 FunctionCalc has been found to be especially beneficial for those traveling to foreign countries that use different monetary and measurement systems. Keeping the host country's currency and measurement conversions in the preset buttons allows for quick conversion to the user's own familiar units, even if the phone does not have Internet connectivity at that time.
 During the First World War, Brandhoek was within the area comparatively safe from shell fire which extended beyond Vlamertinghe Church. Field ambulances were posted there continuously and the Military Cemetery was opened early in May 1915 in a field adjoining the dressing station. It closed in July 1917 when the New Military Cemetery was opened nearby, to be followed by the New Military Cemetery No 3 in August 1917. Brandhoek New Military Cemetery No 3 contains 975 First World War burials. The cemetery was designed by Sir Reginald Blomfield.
==
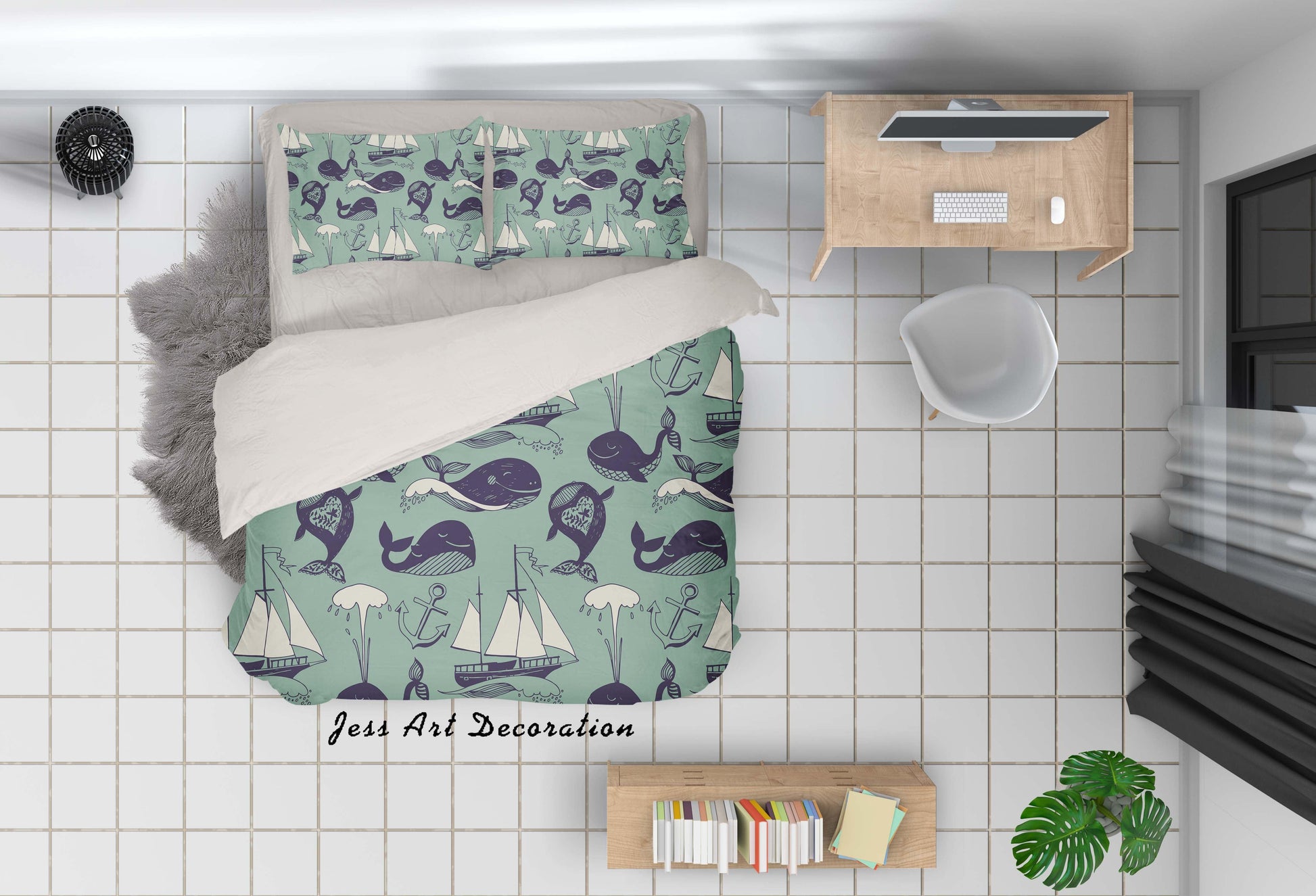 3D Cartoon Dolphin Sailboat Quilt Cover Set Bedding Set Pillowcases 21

REQUIRED WORK.
Write out, from the lines above, only those from the line with "FunctionCalc has been" to the line with "During the First", exactly as given, including the first and the last.

ANSWER SPACE.
 FunctionCalc has been found to be especially beneficial for those traveling to foreign countries that use different monetary and measurement systems. Keeping the host country's currency and measurement conversions in the preset buttons allows for quick conversion to the user's own familiar units, even if the phone does not have Internet connectivity at that time.
 During the First World War, Brandhoek was within the area comparatively safe from shell fire which extended beyond Vlamertinghe Church. Field ambulances were posted there continuously and the Military Cemetery was opened early in May 1915 in a field adjoining the dressing station. It closed in July 1917 when the New Military Cemetery was opened nearby, to be followed by the New Military Cemetery No 3 in August 1917. Brandhoek New Military Cemetery No 3 contains 975 First World War burials. The cemetery was designed by Sir Reginald Blomfield.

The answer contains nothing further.